September 29, 2024
EPA: Poor Fracking Practices Have Harmed Drinking Water
Data Gaps Make Quantification Impossible
EPA said yesterday that fracking has harmed drinking water resources under some circumstances but that data gaps have made it impossible to quantify the scope of the problem.

By Rich Heidorn Jr.

In a widely anticipated report, EPA said yesterday that fracking has harmed drinking water resources under some circumstances but that data gaps have made it impossible to quantify the scope of the problem.

The agency said it identified cases of impacts on drinking water at each stage in the fracking water cycle: acquiring water for use in fracking; mixing the water with chemical additives; injecting the water and chemicals into the production well to create and increase fractures; collecting wastewater after injection; and disposing or reusing wastewater.

General timeline and summary of activities at a hydraulically fractured oil or gas production well | EPA

“Impacts cited in the report generally occurred near hydraulically fractured oil and gas production wells and ranged in severity, from temporary changes in water quality to contamination that made private drinking water wells unusable,” EPA said.

The report identifies conditions under which impacts can be more frequent or severe, including:

  • Water withdrawals in times or areas of low water availability, particularly areas with limited or declining groundwater;
  • Spills of fracking fluids or wastewater involving large volumes or high concentrations of chemicals reaching groundwater;
  • Injections into wells whose steel casing or cement lacked “mechanical integrity,” allowing gases or liquids to escape;
  • Injections directly into groundwater resources;
  • Discharge of inadequately treated wastewater to surface water resources; and
  • Disposal or storage of wastewater in unlined pits.

“This assessment is the most complete compilation to date of national scientific data on the relationship of drinking water resources and hydraulic fracturing,” Dr. Thomas A. Burke, deputy assistant administrator of EPA’s Office of Research and Development, said in a statement.

Generalized depiction of factors that influence whether spilled hydraulic fracturing fluids or additives reach drinking water resources, including spill characteristics, environmental fate and transport, and spill response activities | EPA

EPA said, however, the report “was not designed to be a list of documented impacts.”

“Data gaps and uncertainties limited EPA’s ability to fully assess the potential impacts on drinking water resources both locally and nationally. Generally, comprehensive information on the location of activities in the hydraulic fracturing water cycle is lacking, either because it is not collected, not publicly available, or prohibitively difficult to aggregate,” the agency said. “In places where we know activities in the hydraulic fracturing water cycle have occurred, data that could be used to characterize hydraulic fracturing-related chemicals in the environment before, during and after hydraulic fracturing were scarce. Because of these data gaps and uncertainties, as well as others described in the assessment, it was not possible to fully characterize the severity of impacts, nor was it possible to calculate or estimate the national frequency of impacts on drinking water resources from activities in the hydraulic fracturing water cycle.”

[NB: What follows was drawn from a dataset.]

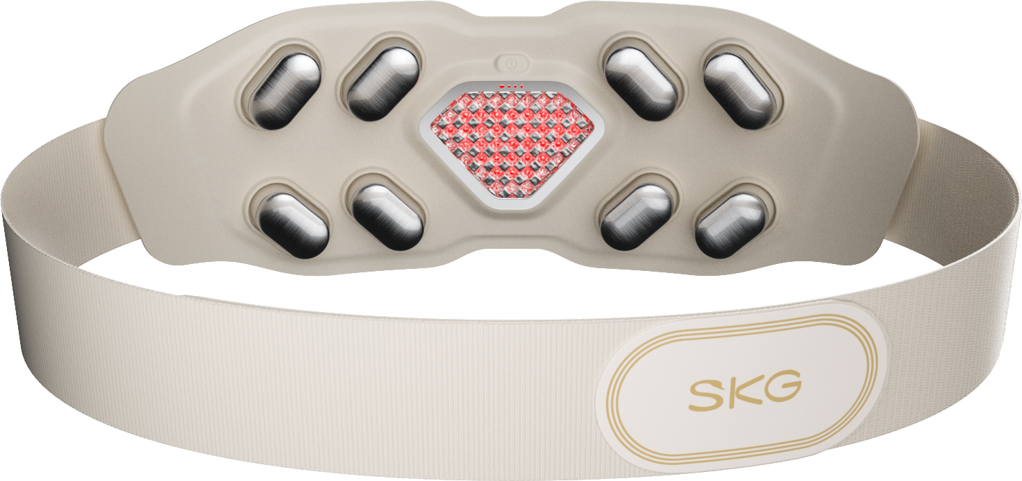 Enheten har åtta värmeaktiva massageknutar som förstärks av 31 integrerade LED-lampor för rödljusbehandling. Denna kombination levererar konstant värme i tre steg (38 °C till 42 °C), som tränger djupt in i vävnaden och främjar blodcirkulationen. Det andningsaktiva nylonmaterialet och det hudvänliga silikonet ger hög komfort och är lätt att rengöra.

Done at the request of Congress, the report was based on a review of more than 1,200 cited scientific sources, new research conducted as part of the study and an independent peer review by EPA’s Science Advisory Board. The board had been sharply critical of a 2015 draft that said the agency “did not find evidence that [fracking activities] have led to widespread, systemic impacts on drinking water resources” in the U.S.